Look below for the line that contains "والآخر: كثرة الاستعمال،", then copy it and each following line to the end of the records, minus any pictures.
EXTRACTED INFORMATION: Begin
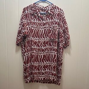 Chic red and white pattern. Casual button-down style. Perfect for everyday wear.
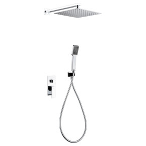Grifo empotrado de ducha Serie PISA de IMEX con rociador extraplano 25x25 cm en acero inox, mango de ducha cuadrado y grifería monomando de 2 vías....
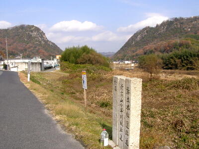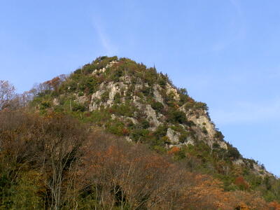 沼田川沿いの新高山小早川城址道から。左が新高山城、右が高山城。
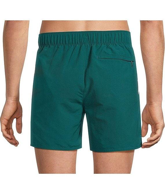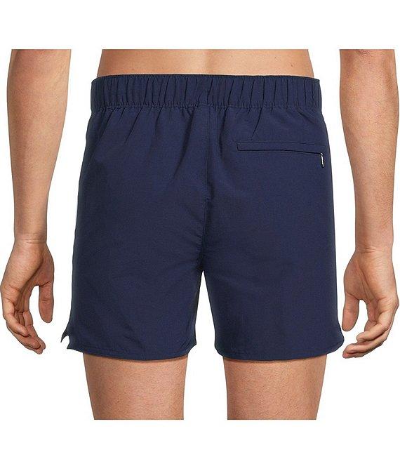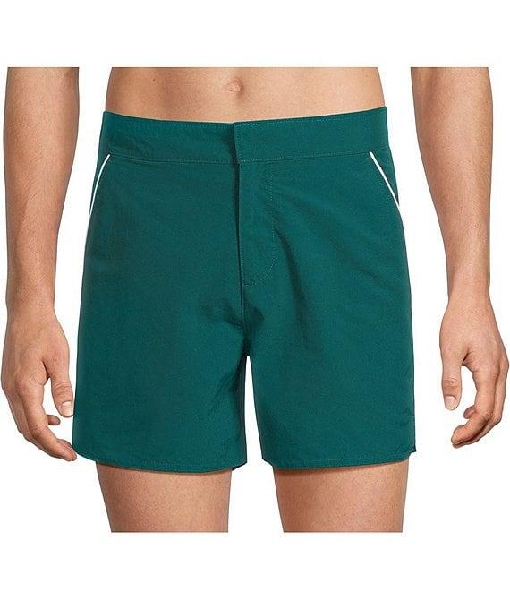 From Murano, these trunks feature: Making waves in modern swimwear 5” inseam Mesh brief liner Half elastic waistband with snap closure Zip front-fly with interior drawcord Side entry pockets Welt back pocket with zip closure Interior coin pocket Nylon Machine wash warm/tumble dry Imported.
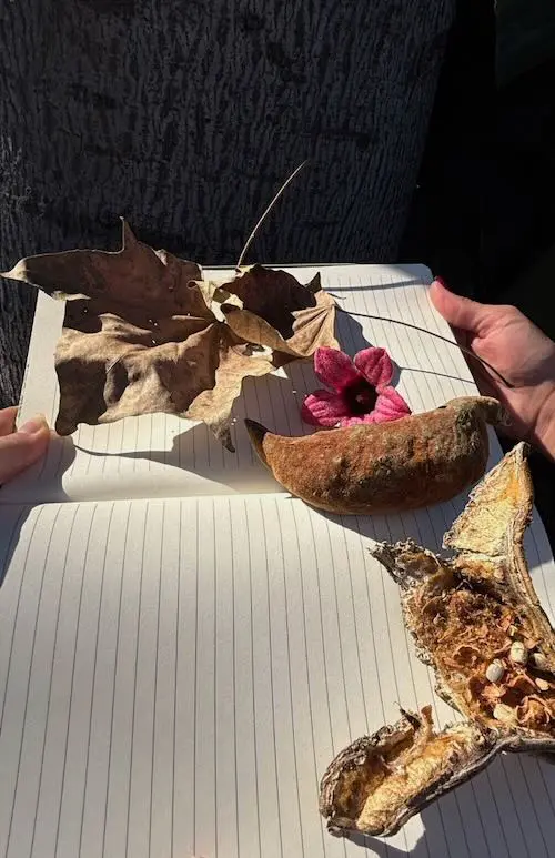 This partly deciduous tree has showy deep pink or red flowers, which along with the fruit are covered in a dense rusty velvet. Its blue green leaves are narrower than gt;B. acerifoliusgt; and whitish on underside.
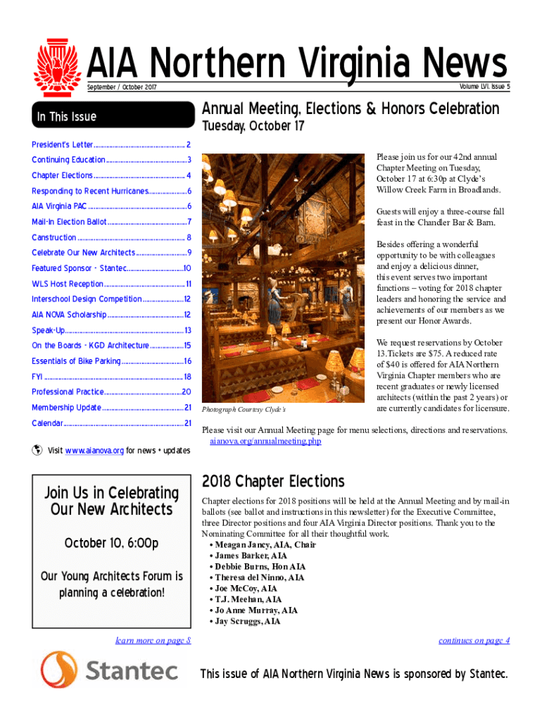 AIR Northern Virginia Newsome LVI, Issue 5September / October 2017Annual Meeting, Elections & Honors Celebration In This Issue Tuesday, October 17Presidents Letter.....................................................
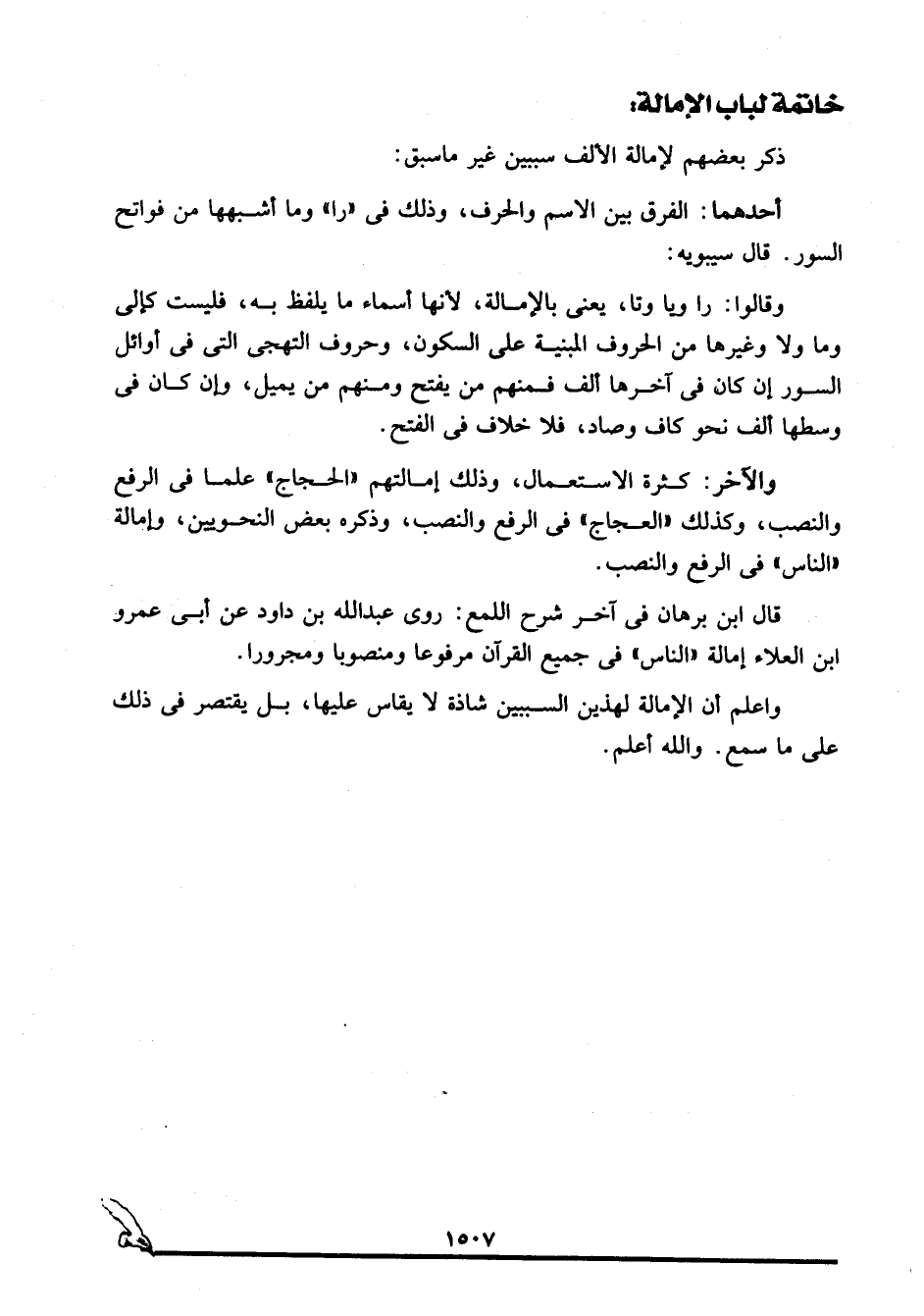 والآخر: كثرة الاستعمال، وذلك إمالتهم "الحجاج" علما في الرفع والنصب، وكذلك "العجاج" في الرفع والنصب، وذكره بعض النحويين، وإمالة "الناس" في الرفع والنصب.
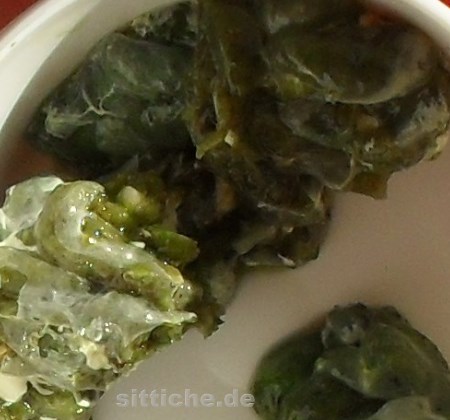 Man beobachtet bei einigen Wellensittich auch, dass sie das normale Körnerfutter ablehnen oder nur lustlos die Körner zermahlen und nicht wirklich fressen, man erkennt das am Körnermehl im Fressnapf.
EXTRACTED INFORMATION: End
▸ RESPONSE AREA:
 والآخر: كثرة الاستعمال، وذلك إمالتهم "الحجاج" علما في الرفع والنصب، وكذلك "العجاج" في الرفع والنصب، وذكره بعض النحويين، وإمالة "الناس" في الرفع والنصب.
 Man beobachtet bei einigen Wellensittich auch, dass sie das normale Körnerfutter ablehnen oder nur lustlos die Körner zermahlen und nicht wirklich fressen, man erkennt das am Körnermehl im Fressnapf.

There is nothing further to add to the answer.